Kubernetes Volume Management
Introduction
- In today’s business model, data is the most precious asset for many startups and enterprises.
- In a Kubernetes cluster, containers in Pods can be either data producers, data consumers, or both.
- While some container data is expected to be transient and is not expected to outlive a Pod, other forms of data must outlive the Pod in order to be aggregated and possibly loaded into analytics engines.
- Kubernetes must provide storage resources in order to provide data to be consumed by containers or to store data produced by containers.
- Kubernetes uses Volumes of several types and a few other forms of storage resources for container data management.
- In this chapter, we will talk about
PersistentVolume
and PersistentVolumeClaim
objects, which help us attach persistent storage Volumes to Pods.
Volumes
- As we know, containers running in Pods are ephemeral in nature.
- All data stored inside a container is deleted if the container crashes.
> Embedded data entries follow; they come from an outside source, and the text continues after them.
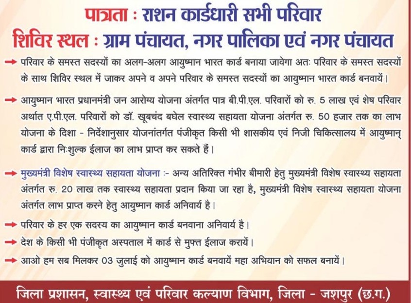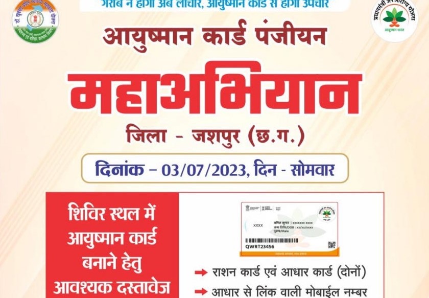 जशपुरनगर : जिला प्रशासन एवं स्वास्थ्य एवं परिवार कल्याण विभाग के द्वारा आयुष्मान कार्ड पंजीयन महाअभियान 03 जुलाई 2023 को जिले के सभी विकासखंड के ग्राम पंचायत, नगर पालिका एवं नगर पंचायत में आयोजित किया जा रहा है।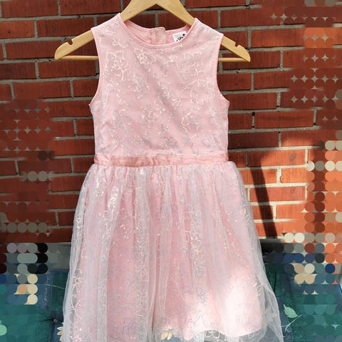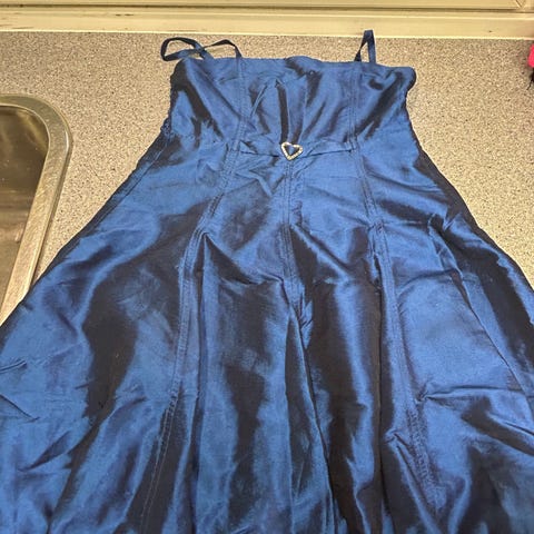 Ihana valkoinen mekko, jossa helmassa kaksi sinisistä paljeteista ommeltua raitaa. Mekkoon kuuluu valkoinen vyö, mutta sininen satiinivyö sopisi loistavasti ja tekisi mekosta vielä juhlavamman. Malliksi kuvassa kaksi satiininauhaa, joka sattui löytymään kaapista (jostain lahjapaketista jäänyt jemmaan, saa kaupan päälle halutessaan, nauhasta viimeinen kuva). Silitettynä mekko toki on vielä kauniimpi, nyt ei ole silitetty.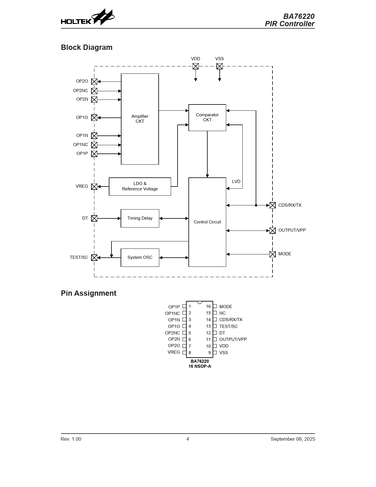 Rev. 1.00 4 September 08, 2025 Document Outline Features Applications General Description Block Diagram Pin Assignment Pin Description Absolute Maximum Ratings Electrical Characteristics Functional Description TEST SC DT MODE CDS OUTPUT LVD Trigger Timing Retrigger LVD & CDS Detect Circuit The Criterion of LVD and CDS The Criterion of MODE Conditions for Disabling the PIR Amplifier Circuit Selection of OSC or DT Write ROM & Data Updated Communication Write/Read Value Protocol Registers PIR Amplifier Power-on Flow Application Circuits OTP-based Application Circuit RC-based Application Circuit Package Information 16-pin NSOP (150mil) Outline Dimensions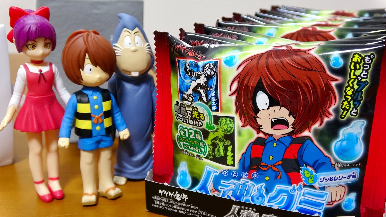 ゲゲゲの鬼太郎 新商品 暗闇で光るシールが入った 人魂グミ 闘いの記憶 1BOX 開封紹介!いきなりスーパーレア登場 Kitaro Gumi Candy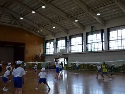 4年生は「ソフトバレーボール」をしています。やわらかい軽いボールを使っていますが,うまくねらったところにレシーブできない様子です。でも,しっかりボールをつないでいこうと,チームで声を掛け合いながら頑張っています。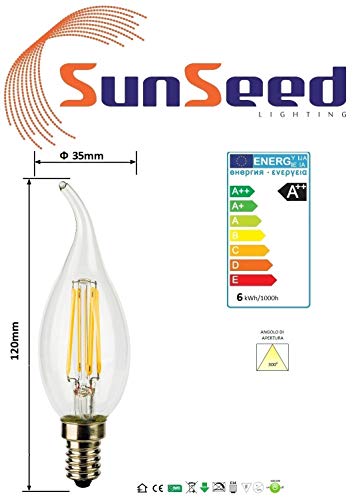SunSeed 4x Lampadina E14 Filamento LED 6W Colpo di Vento760 Lumen Luce Calda 2700K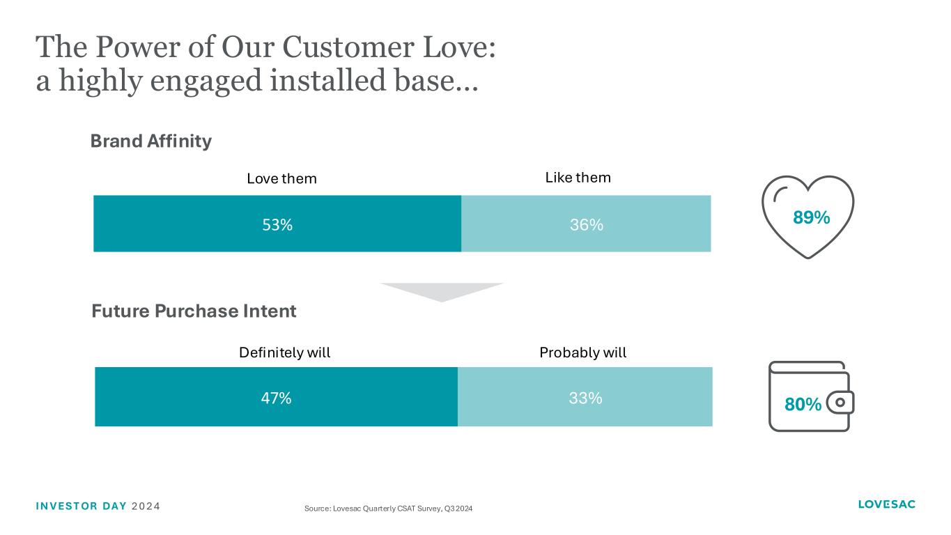I N V ES T OR DA Y 2 0 2 4 The Power of Our Customer Love: a highly engaged installed base… 47% 33% Future Purchase Intent Definitely will Probably will 80% 53% 36% Brand Affinity Love them Like them 89% Source: Lovesac Quarterly CSAT Survey, Q3 2024

However, the kubelet will restart it with a clean slate, which means that it will not have any of the old data.
- To overcome this problem, Kubernetes uses Volumes, storage abstractions that allow various storage technologies to be used by Kubernetes and offered to containers in Pods as storage media.
- A Volume is essentially a mount point on the container’s file system backed by a storage medium. The storage medium, content and access mode are determined by the Volume Type.
- In Kubernetes, a Volume is linked to a Pod and can be shared among the containers of that Pod.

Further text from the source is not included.